At the 2018 American Society of Hematology (ASH) Annual Meeting in San Diego, Aziz Nazha, MD of Cleveland Clinic discussed the results of a personalized prediction model for Myelodysplastic Syndromes (MDS). Dr. Nazha and colleagues reported that the model outperformed current prognostic scoring systems in predicting an MDS patient’s risk of mortality and transformation to acute myeloid leukemia (AML), a more aggressive type of bone marrow cancer.

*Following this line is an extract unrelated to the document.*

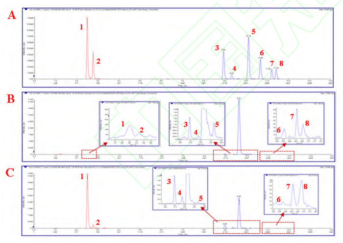 注:A.對照品;B.血清;C.肺組織;1.PGE2;2. PGD2;3. 15-HETE;4. 11(S)-HETE;5. 5-HETE;6. 14,15-EET;7. 11,12-EET;8. 8,9- EET

Patients with MDS have survival outcomes that can range from months to decades. Although several prognostic scoring systems have been developed to risk stratify MDS patients, survival varies even within distinct categories, which may lead to over- or under-treatment. Researchers hypothesized that discrepancies may be due to analytic approaches or lack of incorporation of molecular data. The machine learning model outperformed International Prognostic Scoring System (IPSS) and Revised IPSS (IPSS-R) in predicting survival outcomes and risk for acute myeloid leukemia (AML) transformation among a training cohort of 1471 patients.

In addition, the researchers conducted several feature extraction analyses to identify the most important variables that impacted patients’ outcomes, as well as the least number of variables that produced the best prediction. From most important to least, variables included cytogenetic risk categories by IPSS-R, platelets, mutation number, hemoglobin, bone marrow blast percentage, 2008 World Health Organization diagnosis, white blood cell count, age, absolute neutrophil count (ANC), absolute lymphocyte count (ALC), TP53, RUNX1, STAG2, ASXL1, absolute monocyte counts (AMC), SF3B1, SRSF2, RAD21, secondary versus de novo MDS, NRAS, NPM1, TET2, and EZH2.

Conclusion
Dr. Nazha and colleagues built a personalized prediction model based on clinical and genomic data that outperformed IPSS and IPSS-R in predicting OS and AML transformation. The new model gives survival probabilities at different time points that are unique for a given patient Incorporating clinical and mutational data outperformed a mutations only model even when cytogenetics and age were added.